Creation of Lake Wissota: Six Thouand Acres Flooded to Form Lake

Photographed May 23, 2015
Lake Wissota State Park
Chippewa Falls, Chippewa County, Wisconsin
44° 58' 51.75" N, 91° 18' 15.32" W (park entrance)
44.97384,-91.312477 (marker location)
Google Map

The marker is on the left;
see below for marker transcription.

The marker and tree are located about two miles inside Lake Wissota State Park, at a vista point en route to the campground sites. The address to the entrance to the park is located at 18127 County Highway O, Chippewa Falls, Wisconsin 54729.

NOTE: An annual pass or fee is required to enter the State Park to access the marker.

Hydroelectric Dam is Built
In 1917, a hydroelectric dam was completed on the Chippewa River, and Lake Wissota was formed.
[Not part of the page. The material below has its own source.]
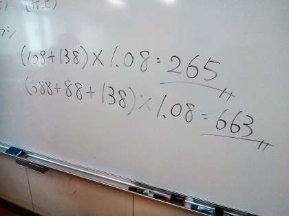 最後に1.08をかけることを忘れないように注意しながら、一生懸命電卓を使って計算していました。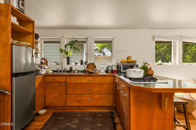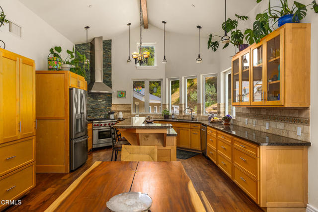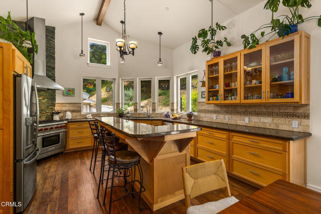 Welcome to this incredible home in Ojai nestled near the Matilija Canyon among mature oak trees with creeks all around set on over 2 acres. This is not just a home, it's a lifestyle embracing all the best that Ojai has to offer. With bubbling creeks all around, hot springs & hiking trails minutes away and just 5 miles to downtown Ojai. This home has the perfect combination of nature and solitude with Ojai's fabulous amenities just minutes away. The main house (3,207 sq ft) has double-height vaulted ceilings with wood beams and a stone fireplace, there are 4 bedrooms, 3 bathrooms and an office which has magical energy encased by beauty. The primary bedroom has a spectacular setting with a balcony surrounded by mature oak trees, and a huge walk-in closet and sauna. The gourmet kitchen will not disappoint complete with a 48' Wolf range and large center island. The guest house is 1 bedroom and 1 bath with a full kitchen, family room and patio area and then there is another guest suite complete with its own kitchen. Use this as your own family compound or rent out 1 or both of the guest homes. This whimsical property, nestled in Ojai's breathtaking landscape, offers the perfect place to call home. Why wait to start living your dream? The lifestyle you've been longing for is right here!Interested in this Listing?

The dam site at the confluence of five rivers and streams and created the lake that you see today. The dam and power station was owned by the Wisconsin-Minnesota Light and Power Company. Louis G. Arnold, a young engineer working on the construction of the dam, combined the first syllable of Wisconsin and the last two Minnesota to produce the name for Lake Wissota.
Workers Harness a Natural Resource
About 700 workers were employed in the construction of the dam and bridges in the area. Before the construction of the dam began, a village was laid out nearby to house the workers. The village had a water supply, sewer system, homes, bungalows, bunkhouses, and a central dining room. A schoolhouse was also constructed for the children of the workers.
White Coal Supplies Power
White coal is a poetic name given to hyrdro power. "White' because of the splashing of the water and "coal" because of the energy derived from the flowing water. Today white coal is attractive because it is a clean source of power. The output of the Lake Wissota hydro plant in 1918 produced the same amount of electricity that 1120 tons of coal per day would produce. Today that would be enough power to supply 16,000 homes.

The Chippewa River system is a very attractive source for hydro power. Along the Chippewa River in Chippewa County alone, one-third of all the hydro power produced in the State of Wisconsin is generated.

The marker is located inside Lake Wissota State Park.